Genetic Influences Become Less Important Over Time
The study results show that as people accumulate more experiences when they develop into adulthood, genetic influences on individual characteristics become less important – but still significant – throughout early adulthood.
“We found that when participants were around 21 years old, genetic influences explained 31.2 percent of the variance in job satisfaction. However, genetic influences on job measured at age 25 and age 30 dropped significantly to 18.7 percent and 19.8 percent,” he adds.
In other words, genetic influences are likely to be diluted by work situations over time.

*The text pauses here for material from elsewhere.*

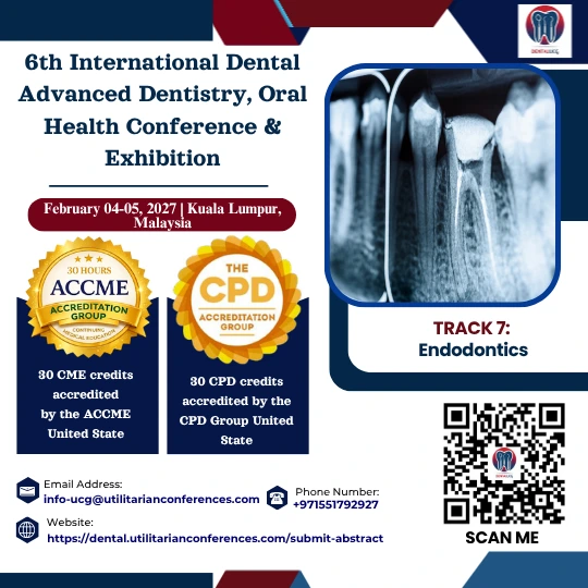 Sub-Tracks: EndodonticsRoot Canal Therapy, Endodontic Instrumentation Techniques, Pulpal & Periapical Diseases, Regenerative Endodontics, Endodontic Microbiology, Endodontic Surgery, Traumatic Dental Injuries, Pulpal Pathology & Diagnosis, Endodontic...

“During early adulthood, employees’ job satisfaction levels may be more shaped by environmental factors such as organizational practices (e.g., leadership, performance management, and reward systems) and economic situations, and these external factors may become increasingly important over time,” says Prof. Li.
“The results also show that after partialling out genetic influences, environmental influences on job satisfaction were related to interpersonal conflict at work and occupational status, and these influences were relatively stable across the three time points,” he adds.
How to Enhance Employees’ Job Satisfaction
Since during early adulthood, employees’ job satisfaction levels may be shaped by environmental factors more, organizations could have more room to influence employees’ job satisfaction by introducing appropriate measures. Prof. Li suggests that firms should try to tailor their practices according to individual differences.
“Organizations should pay more attention to the importance of employees’ personality traits in customizing their practices, as it shows in our study that positive affectivity is important in boosting job satisfaction. This is similar to personalized medicine,” Prof. Li says.
In enhancing job satisfaction among employees, other environmental factors should also be considered.
“As our study shows that interpersonal conflicts significantly affected job satisfaction, maintaining harmonized interpersonal relationships at work will be a useful approach to keep your employees,” he says.
Wendong Li, Kevin C. Stanek, Zhen Zhang, Deniz S. Ones and Matt McGue, “Are Genetic and Environmental Influences on Job Satisfaction Stable Over Time? A Three-Wave Longitudinal Twin Study“. Journal of Applied Psychology, January 2016.